# [EXERCISE DETAILS]
Practice item. Set the material below down again exactly, with no pictures.

# [DATA]
##############################
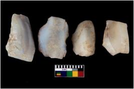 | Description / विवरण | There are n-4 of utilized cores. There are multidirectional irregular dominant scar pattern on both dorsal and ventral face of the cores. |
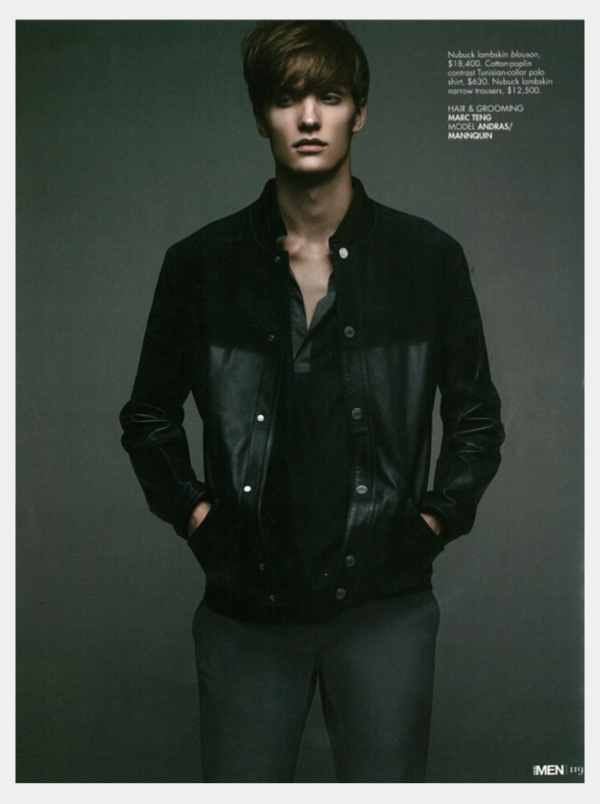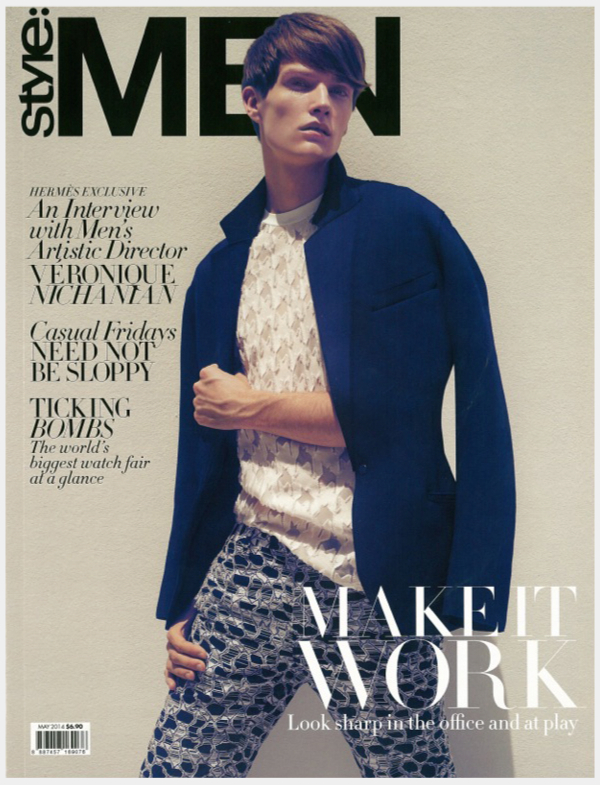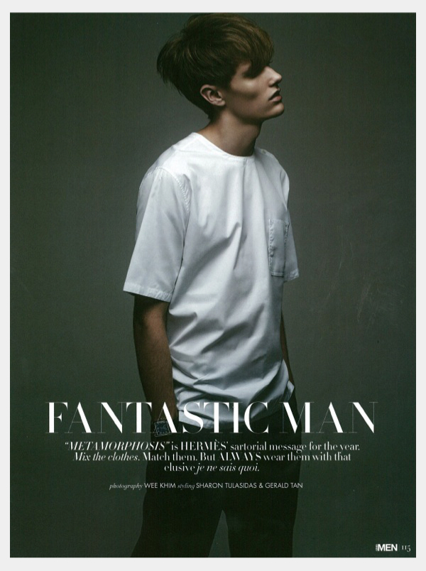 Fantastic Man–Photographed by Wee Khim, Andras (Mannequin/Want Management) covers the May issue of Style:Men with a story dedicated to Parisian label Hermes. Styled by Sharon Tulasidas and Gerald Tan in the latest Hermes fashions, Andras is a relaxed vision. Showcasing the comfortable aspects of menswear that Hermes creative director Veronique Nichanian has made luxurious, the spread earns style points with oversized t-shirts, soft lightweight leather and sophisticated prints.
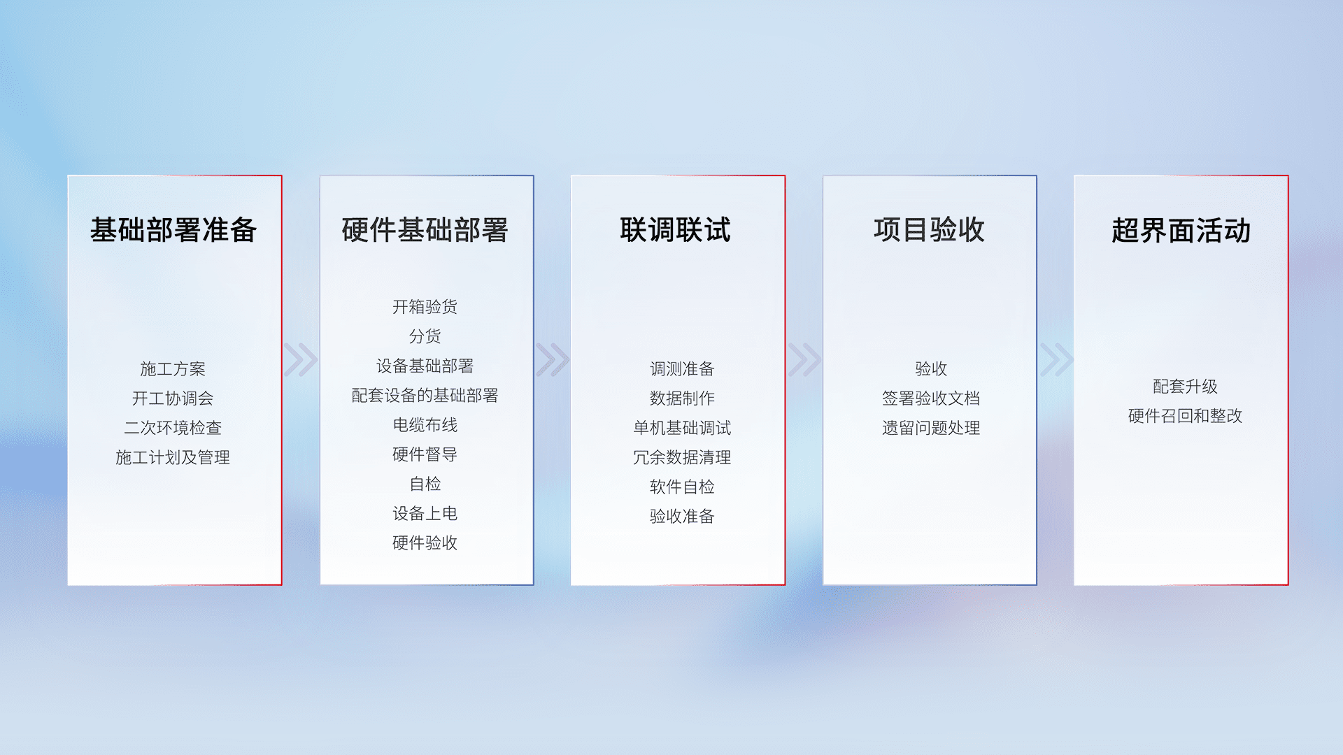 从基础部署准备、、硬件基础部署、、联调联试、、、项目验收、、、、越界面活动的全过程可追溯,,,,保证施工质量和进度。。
##############################
# [THE ANSWER]
 | Description / विवरण | There are n-4 of utilized cores. There are multidirectional irregular dominant scar pattern on both dorsal and ventral face of the cores. |
 Fantastic Man–Photographed by Wee Khim, Andras (Mannequin/Want Management) covers the May issue of Style:Men with a story dedicated to Parisian label Hermes. Styled by Sharon Tulasidas and Gerald Tan in the latest Hermes fashions, Andras is a relaxed vision. Showcasing the comfortable aspects of menswear that Hermes creative director Veronique Nichanian has made luxurious, the spread earns style points with oversized t-shirts, soft lightweight leather and sophisticated prints.
 从基础部署准备、、硬件基础部署、、联调联试、、、项目验收、、、、越界面活动的全过程可追溯,,,,保证施工质量和进度。。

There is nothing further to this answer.